What this task involves> Exactly reproduce the lines from the one containing "Greenies Original Regular" through the last line of the data, both ends included, leaving out pictures.

Data shown>
___

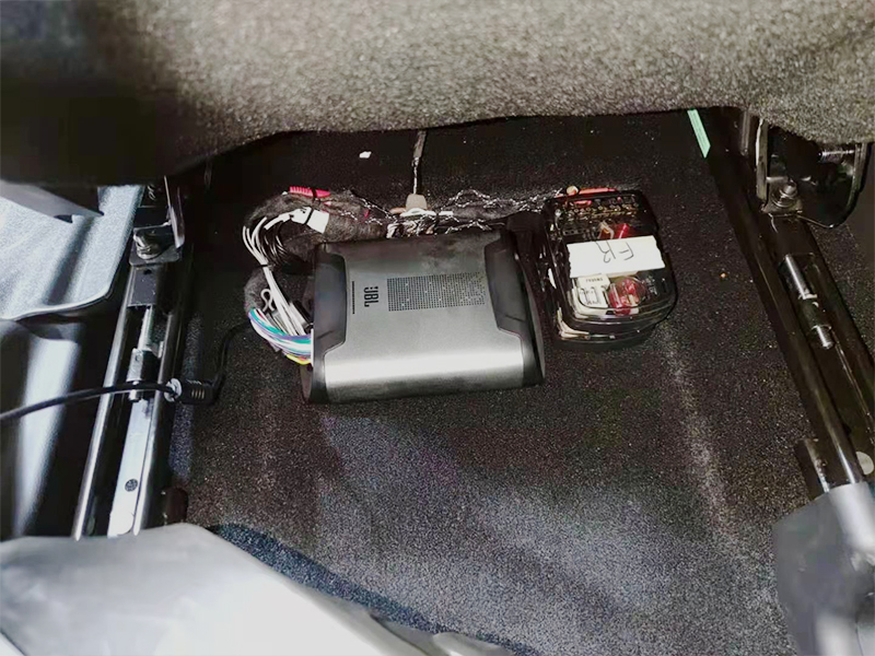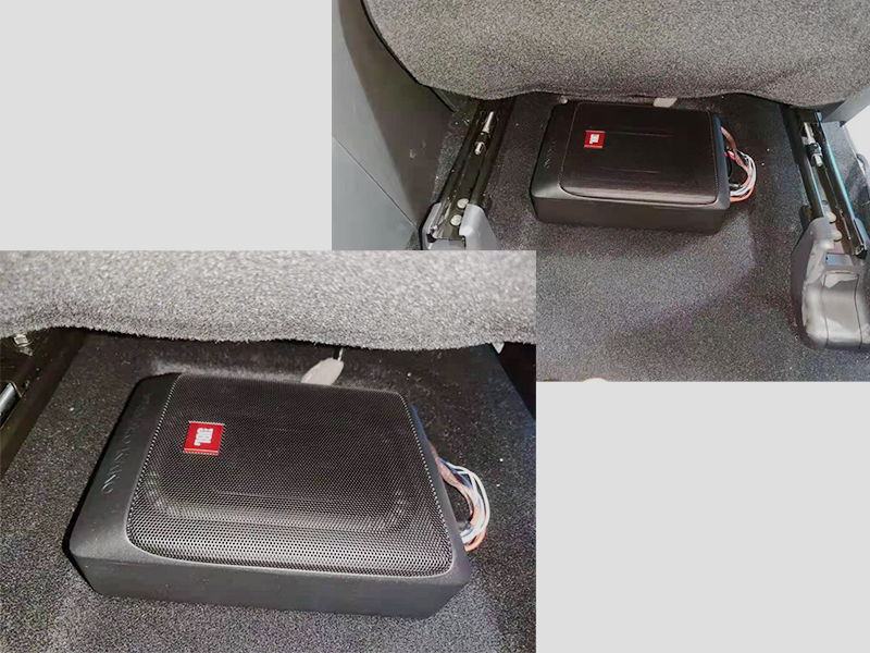另外還有一個超薄的低音炮。直接安裝在座位底下的。
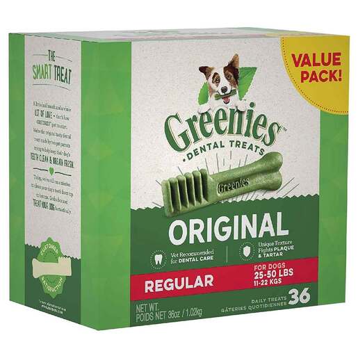 Greenies Original Regular Dental Dog Treats - One GREENIES Original Dental Treat a day is all it takes for clean teeth, fresh breath, and a happy dog. Your dog can't wait to sink their teeth into these delicious, original-flavor dental dog breath chews because they feature a delightfully chewy texture that fights plaque and tartar. Irresistibly tasty and incredibly powerful, GREENIES Treats for Dogs are vet-recommended for at-home oral health care and accepted by the VOHC (Veterinary Oral Health Council.) Best of all, these natural dog breath treats are made with highly soluble ingredients that are safe and easy to digest. Give your dog the mouth-wowing treat that helps promote their overall health with GREENIES Dog Treats. Natural Dog Treats Plus Vitamins, Minerals, and Other Nutrients. For dogs 25-50lbs
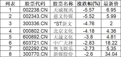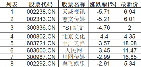 文化传媒板块下挫,天威视讯(002238.CN)跌5.71%

___

Written response>
 Greenies Original Regular Dental Dog Treats - One GREENIES Original Dental Treat a day is all it takes for clean teeth, fresh breath, and a happy dog. Your dog can't wait to sink their teeth into these delicious, original-flavor dental dog breath chews because they feature a delightfully chewy texture that fights plaque and tartar. Irresistibly tasty and incredibly powerful, GREENIES Treats for Dogs are vet-recommended for at-home oral health care and accepted by the VOHC (Veterinary Oral Health Council.) Best of all, these natural dog breath treats are made with highly soluble ingredients that are safe and easy to digest. Give your dog the mouth-wowing treat that helps promote their overall health with GREENIES Dog Treats. Natural Dog Treats Plus Vitamins, Minerals, and Other Nutrients. For dogs 25-50lbs
 文化传媒板块下挫,天威视讯(002238.CN)跌5.71%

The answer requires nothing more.